What you are asked to do — Pictures should be left out while the data beneath this task is written out word for word.

--- Supplied material Enclosed Below ---

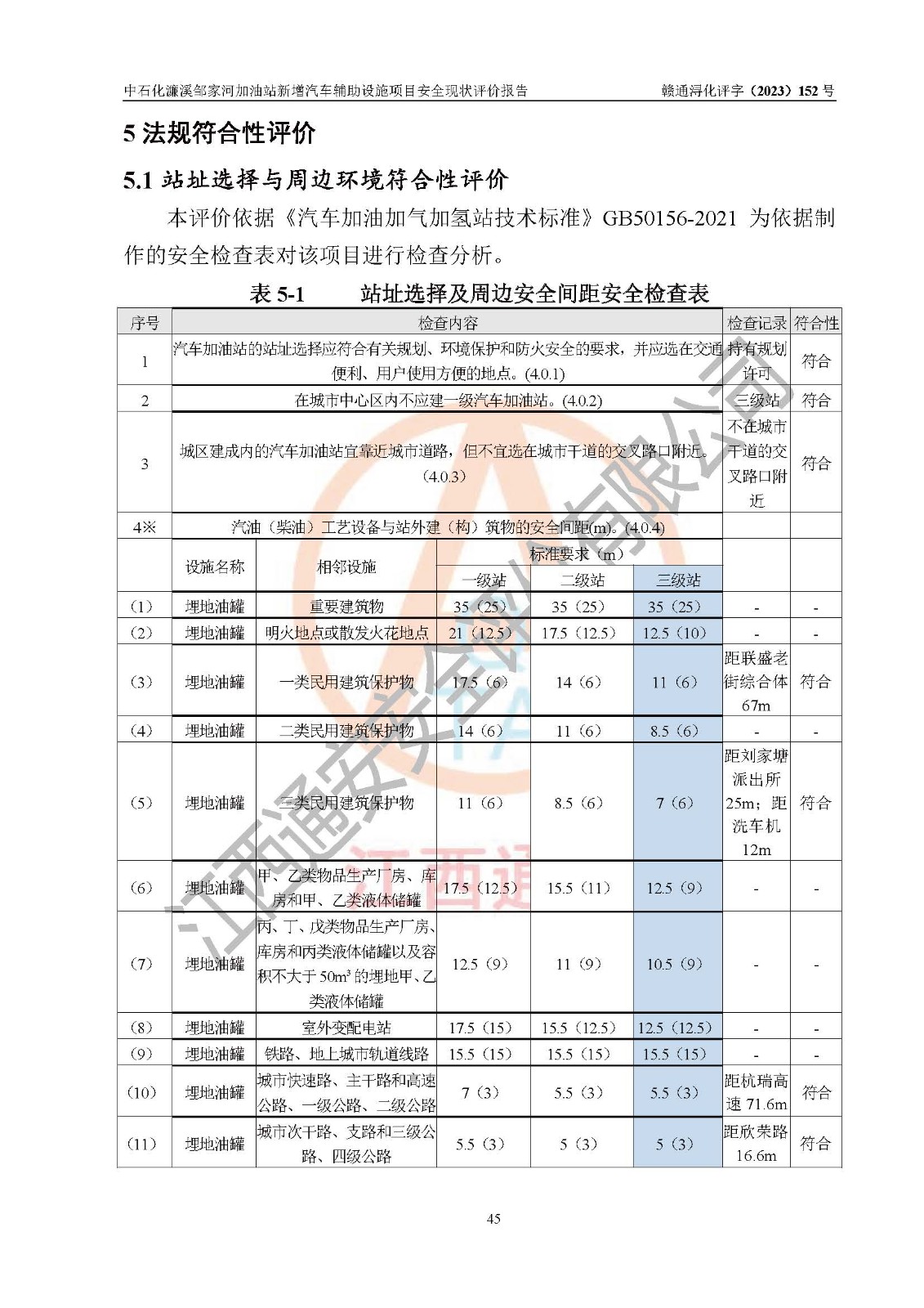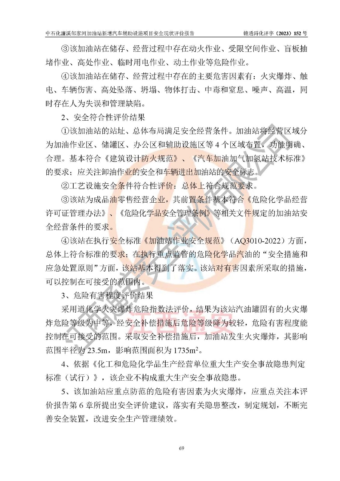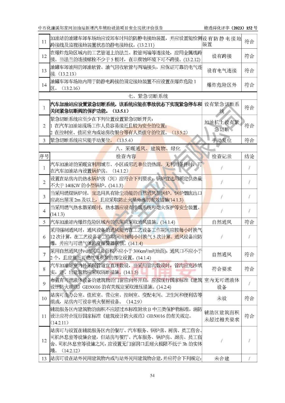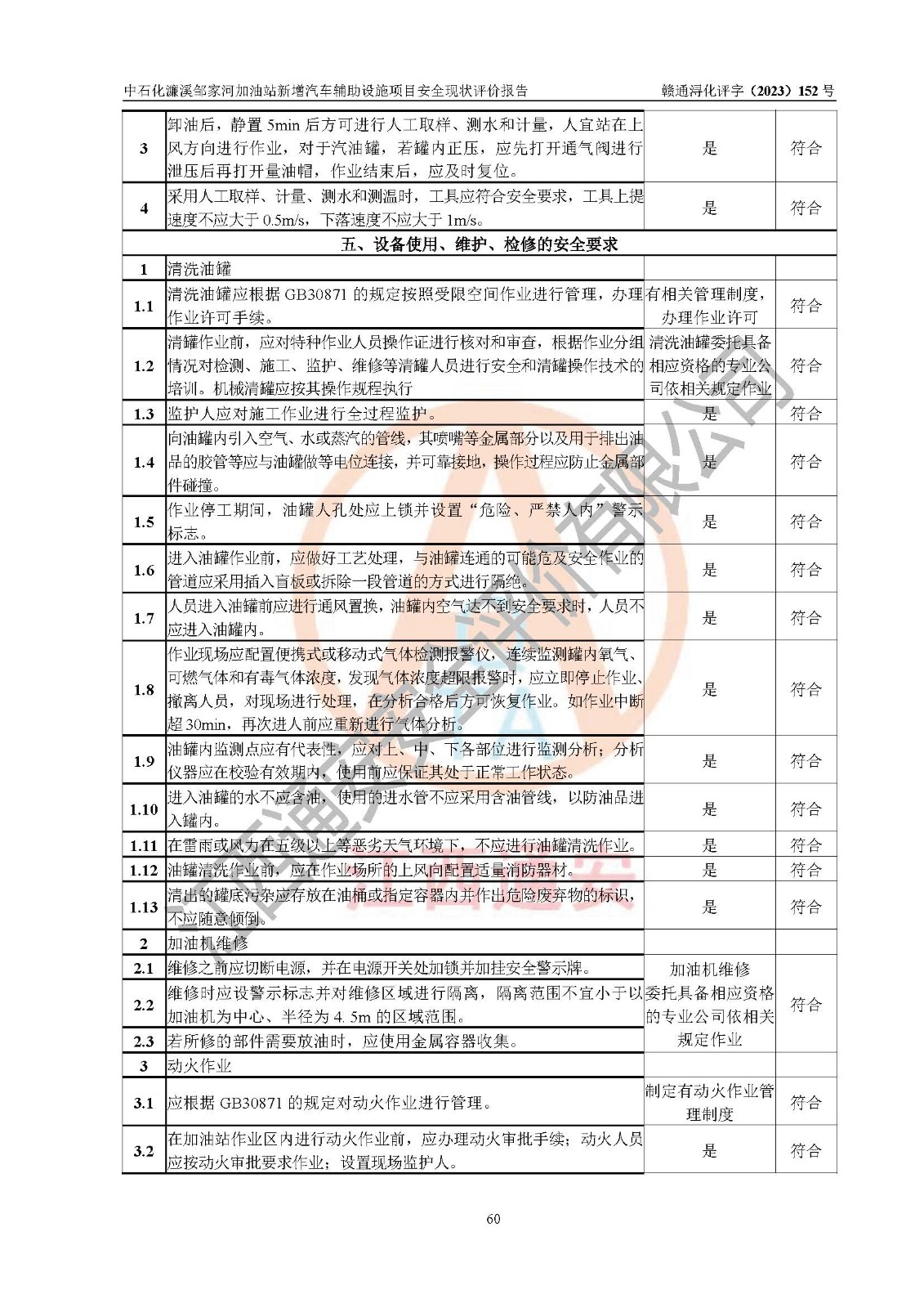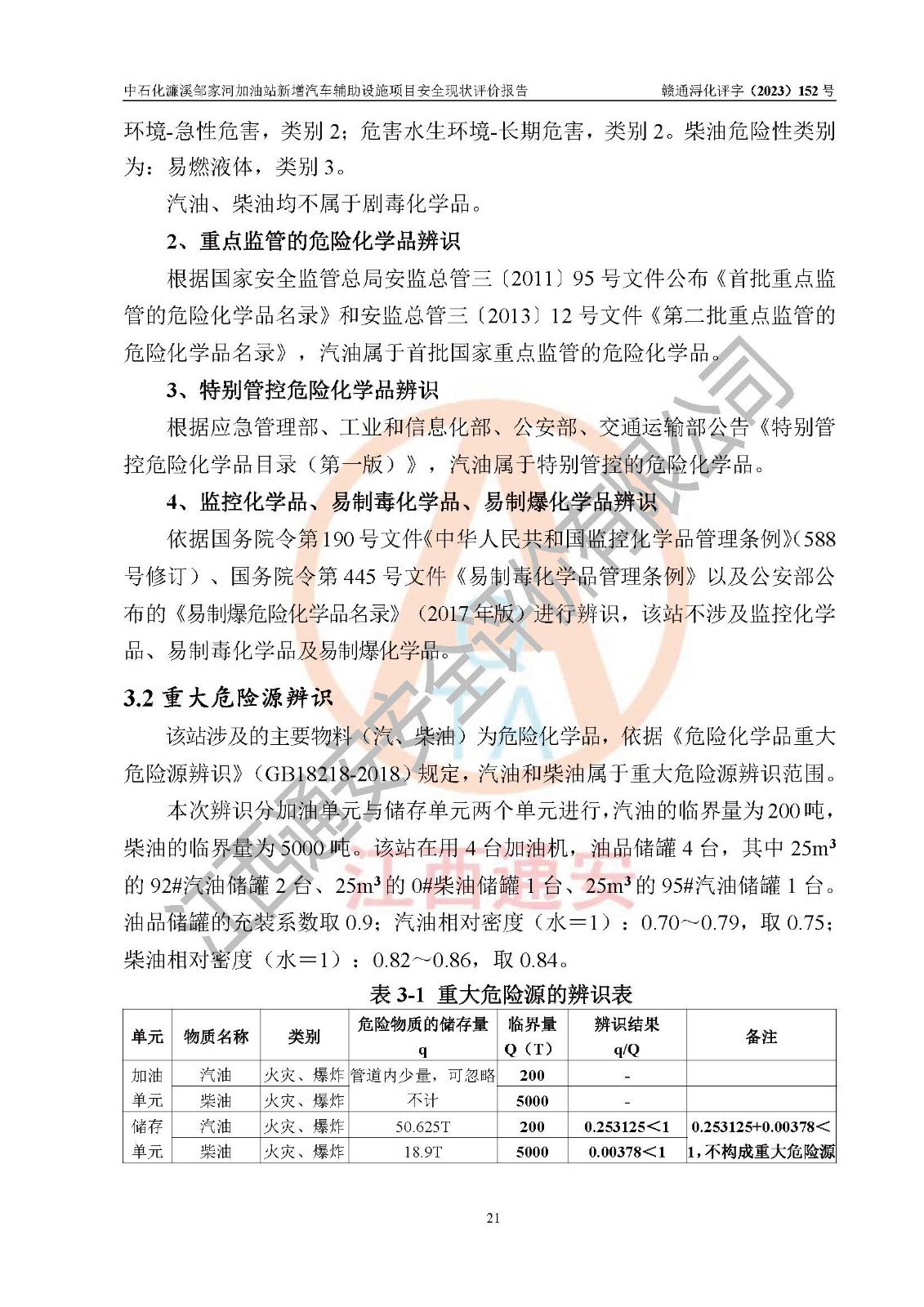 評價結(jié)論 | 中國石化銷售股份有限公司江西九江濂溪石油分公司鄒家河加油站新增汽車輔助設(shè)施項目涉及的安全條件、安全經(jīng)營條件、安全生產(chǎn)管理符合《危險化學(xué)品經(jīng)營許可證管理辦法》、《汽車加油加氣加氫站技術(shù)標(biāo)準(zhǔn)》等**有關(guān)法規(guī)、標(biāo)準(zhǔn)、規(guī)范要求,能滿足危險化學(xué)品經(jīng)營安全條件。 | |||
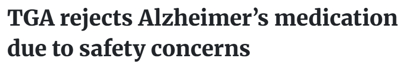 在澳大利亚,类似药物lecanemab的注册申请曾被治疗商品管理局(TGA)拒绝,理由是“其展示的疗效并未超过使用该药物的安全风险”。
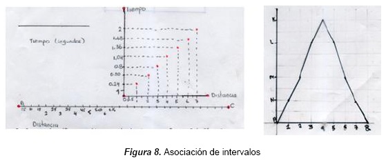 El estudiante establece intervalos, como en el caso del tiempo con otra variable, ya sea distancia o altura, determinando parejas como se observa en las gráficas de la figura (8), donde toma el tiempo y lo une con el valor correspondiente de distancia. Podemos constatar en la primera gráfica de la figura obtenida de la secuencia (1), pregunta 4, que el estudiante reconoce los cambios que sufren las variables de los objetos en movimiento, ya sean cualitativos o cuantitativos, llevando intervalos y puntos de forma unidimensional a bidimensional. En la segunda gráfica correspondiente a la secuencia (2), pregunta 2, el estudiante toma los valores de tiempo al pasar la pelota por los puntos marcados que se encuentran a determinada altura y los traslada a una gráfica, estableciendo puntos bidimensionales en forma numérica y posicional en el gráfico cartesiano, donde se le da significado a un punto tanto por sus coordenadas numéricas como por su posición en el plano. De esta manera el estudiante traslada o extrae puntos del movimiento de la pelota y los localiza en una gráfica cartesiana, para indicar el arriba, el abajo, el más arriba o el más abajo. Las dos gráficas dan cuenta del uso de las gráficas por parte del estudiante trasladando intervalos unidimensionales a dos dimensiones; es un argumento que se desarrolla para resignificar intervalos usando la gráfica. Aquí se hace evidente cómo la práctica de modelación favorece dicho desarrollo y la resignificación correspondiente.
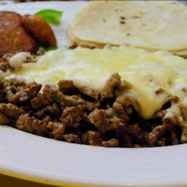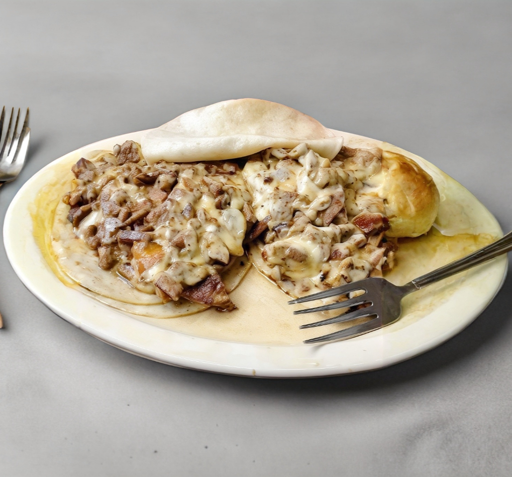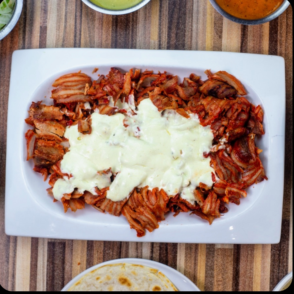Incluye salsa tortillas ensalada con limones cilantro y cebolla cebolla asada. Preparado con tocino jamón cebolla pimiento morrón queso y carne de pastor
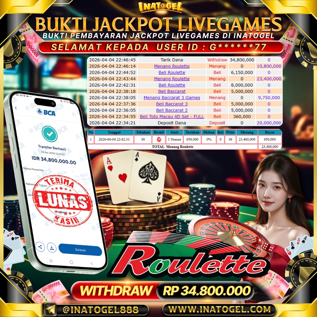 Inatogel Jackpot Live Game Roulette Rp 28,000,000
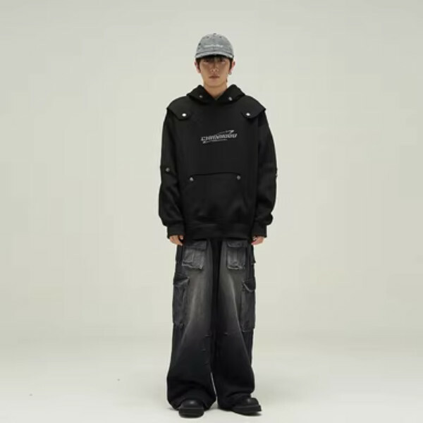 熱推解構廢土風連帽衛衣【黑色加絨銀狐絨S-XL碼,下單後與客服確認發貨尺碼】
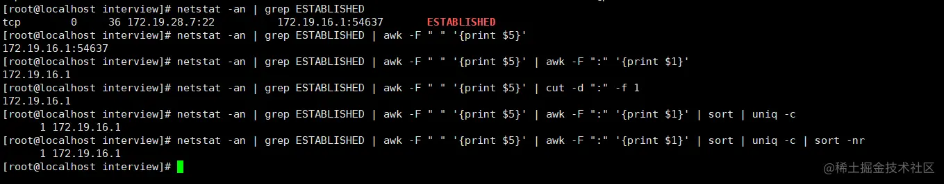 答案:netstat -an | grep ESTABLISHED | awk -F " " '{print $5}' | awk -F ":" '{print $1}' | sort | uniq -c | sort -nr
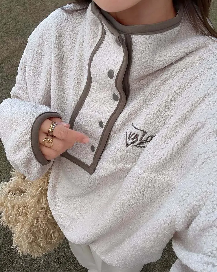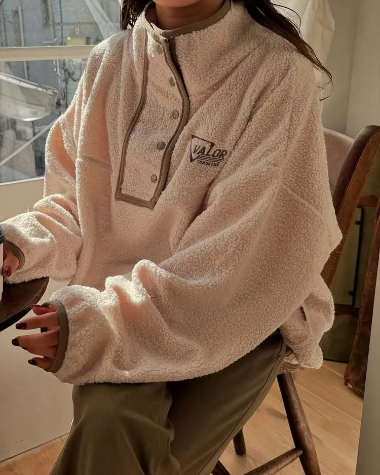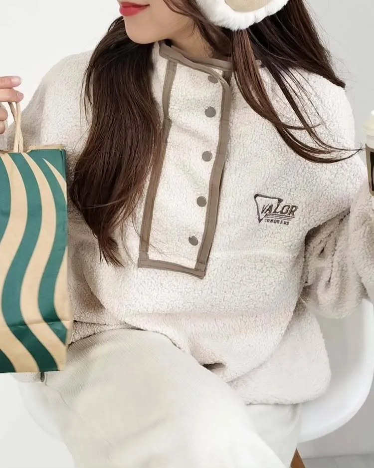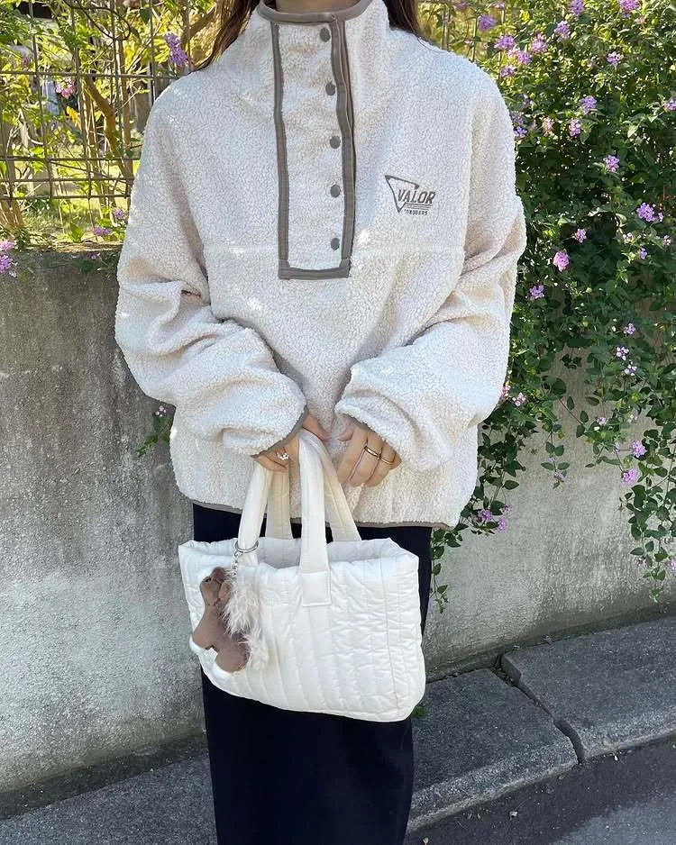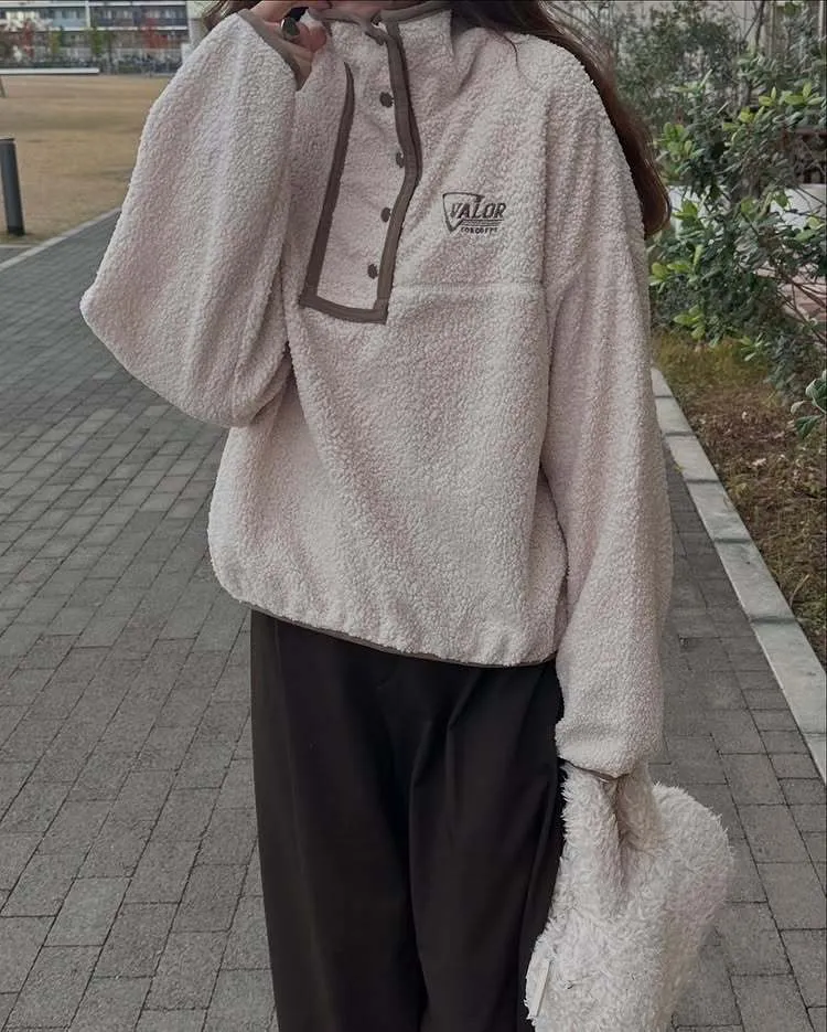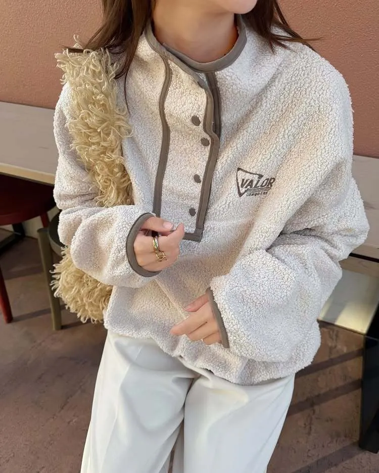 LOGO是可愛的英字.滾邊.整個設計簡單但有小復古~特色滿點延續上一季的運動風~面料是挺版的泰迪熊毛毛一樣是一款滾邊特色的單品單穿或搭白TEE都可以喔小幫自己是喜歡搭配穿~營造它的層次感微微運動風感覺~隨意搭就非常好看喔今年的面料更可愛~顏色都偏復古~很可愛喔看日妞搭配修身裙/短裙/短褲/丹寧也OK<搭紗裙或搭運動褲也很好看>
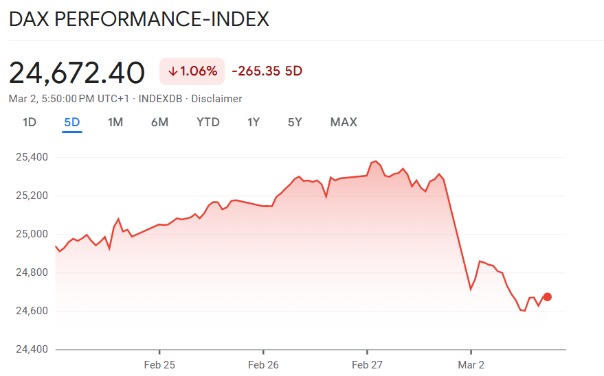 Mit dem Rückgang auf 24.688 Punkte entfernte sich der Dax spürbar von jüngsten Höchstständen. Die nahezu 600 Punkte Verlust markieren eine signifikante intraday-Bewegung und verstärken den Eindruck eines beschleunigten Abverkaufs.
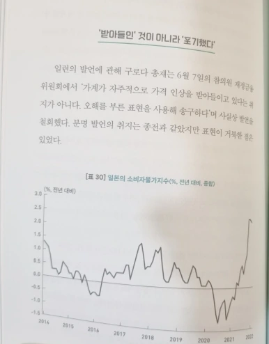 일본 정부는 양적완화와 마이너스 금리로 엔화 약세를 유지했다. 그리고 세계가 긴축기조(코로나19 이후 인플레이션을 잡기 위해)로 돌입하여 금리를 올리자, 상대적으로 더 약세가 됐다. 심각한 엔화 약세는 저자가 말했듯이, 자본의 유출과 수입물품 고가현상으로 내수시장에 강한 충격이 오지 않을까 걱정됐다. 그렇다고 금리를 올리자니, 엔고현상으로 인한 잃어버린 20년이 재현될까 두려웠다.
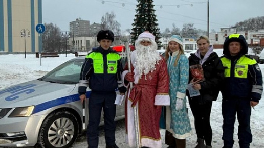 В Радужном сотрудники ГАИ вышли на патруль в образах Деда Мороза и Снегурочки
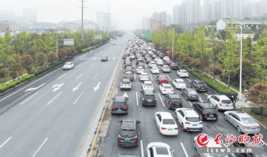 昨日是清明小长假第一天,出城通道车流量增大。上午,云栖路东往西方向车辆排起了长队,与进城车道形成鲜明对比。 长沙晚报全媒体记者 邹麟 摄
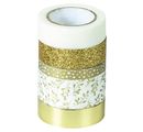 Great Deco Tapes "Effect Mix" with 5 rolls in different widths and motives, partly with glitter. A practical tear-off edge is attached in the dispenser. These are self-adhesive tapes Paper.
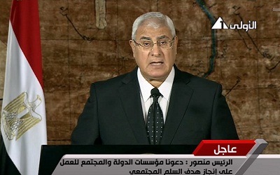 وقال منصور في كلمة وجهها للشعب عبر التلفزيون لمناسبة ذكرى حرب العاشر من رمضان (6 أكتوبر 1973)، "نمر بمرحلة حاسمة من تاريخ مصر"، التي يريد البعض دفعها "إلى الهاوية" و"سنخوض معركة الأمن والاستقرار حتى النهاية".

--- End of Enclosed Supplied material ---

Answer —
 評價結(jié)論 | 中國石化銷售股份有限公司江西九江濂溪石油分公司鄒家河加油站新增汽車輔助設(shè)施項目涉及的安全條件、安全經(jīng)營條件、安全生產(chǎn)管理符合《危險化學(xué)品經(jīng)營許可證管理辦法》、《汽車加油加氣加氫站技術(shù)標(biāo)準(zhǔn)》等**有關(guān)法規(guī)、標(biāo)準(zhǔn)、規(guī)范要求,能滿足危險化學(xué)品經(jīng)營安全條件。 | |||
 在澳大利亚,类似药物lecanemab的注册申请曾被治疗商品管理局(TGA)拒绝,理由是“其展示的疗效并未超过使用该药物的安全风险”。
 El estudiante establece intervalos, como en el caso del tiempo con otra variable, ya sea distancia o altura, determinando parejas como se observa en las gráficas de la figura (8), donde toma el tiempo y lo une con el valor correspondiente de distancia. Podemos constatar en la primera gráfica de la figura obtenida de la secuencia (1), pregunta 4, que el estudiante reconoce los cambios que sufren las variables de los objetos en movimiento, ya sean cualitativos o cuantitativos, llevando intervalos y puntos de forma unidimensional a bidimensional. En la segunda gráfica correspondiente a la secuencia (2), pregunta 2, el estudiante toma los valores de tiempo al pasar la pelota por los puntos marcados que se encuentran a determinada altura y los traslada a una gráfica, estableciendo puntos bidimensionales en forma numérica y posicional en el gráfico cartesiano, donde se le da significado a un punto tanto por sus coordenadas numéricas como por su posición en el plano. De esta manera el estudiante traslada o extrae puntos del movimiento de la pelota y los localiza en una gráfica cartesiana, para indicar el arriba, el abajo, el más arriba o el más abajo. Las dos gráficas dan cuenta del uso de las gráficas por parte del estudiante trasladando intervalos unidimensionales a dos dimensiones; es un argumento que se desarrolla para resignificar intervalos usando la gráfica. Aquí se hace evidente cómo la práctica de modelación favorece dicho desarrollo y la resignificación correspondiente.
Incluye salsa tortillas ensalada con limones cilantro y cebolla cebolla asada. Preparado con tocino jamón cebolla pimiento morrón queso y carne de pastor
 Inatogel Jackpot Live Game Roulette Rp 28,000,000
 熱推解構廢土風連帽衛衣【黑色加絨銀狐絨S-XL碼,下單後與客服確認發貨尺碼】
 答案:netstat -an | grep ESTABLISHED | awk -F " " '{print $5}' | awk -F ":" '{print $1}' | sort | uniq -c | sort -nr
 LOGO是可愛的英字.滾邊.整個設計簡單但有小復古~特色滿點延續上一季的運動風~面料是挺版的泰迪熊毛毛一樣是一款滾邊特色的單品單穿或搭白TEE都可以喔小幫自己是喜歡搭配穿~營造它的層次感微微運動風感覺~隨意搭就非常好看喔今年的面料更可愛~顏色都偏復古~很可愛喔看日妞搭配修身裙/短裙/短褲/丹寧也OK<搭紗裙或搭運動褲也很好看>
 Mit dem Rückgang auf 24.688 Punkte entfernte sich der Dax spürbar von jüngsten Höchstständen. Die nahezu 600 Punkte Verlust markieren eine signifikante intraday-Bewegung und verstärken den Eindruck eines beschleunigten Abverkaufs.
 일본 정부는 양적완화와 마이너스 금리로 엔화 약세를 유지했다. 그리고 세계가 긴축기조(코로나19 이후 인플레이션을 잡기 위해)로 돌입하여 금리를 올리자, 상대적으로 더 약세가 됐다. 심각한 엔화 약세는 저자가 말했듯이, 자본의 유출과 수입물품 고가현상으로 내수시장에 강한 충격이 오지 않을까 걱정됐다. 그렇다고 금리를 올리자니, 엔고현상으로 인한 잃어버린 20년이 재현될까 두려웠다.
 В Радужном сотрудники ГАИ вышли на патруль в образах Деда Мороза и Снегурочки
 昨日是清明小长假第一天,出城通道车流量增大。上午,云栖路东往西方向车辆排起了长队,与进城车道形成鲜明对比。 长沙晚报全媒体记者 邹麟 摄
 Great Deco Tapes "Effect Mix" with 5 rolls in different widths and motives, partly with glitter. A practical tear-off edge is attached in the dispenser. These are self-adhesive tapes Paper.
 وقال منصور في كلمة وجهها للشعب عبر التلفزيون لمناسبة ذكرى حرب العاشر من رمضان (6 أكتوبر 1973)، "نمر بمرحلة حاسمة من تاريخ مصر"، التي يريد البعض دفعها "إلى الهاوية" و"سنخوض معركة الأمن والاستقرار حتى النهاية".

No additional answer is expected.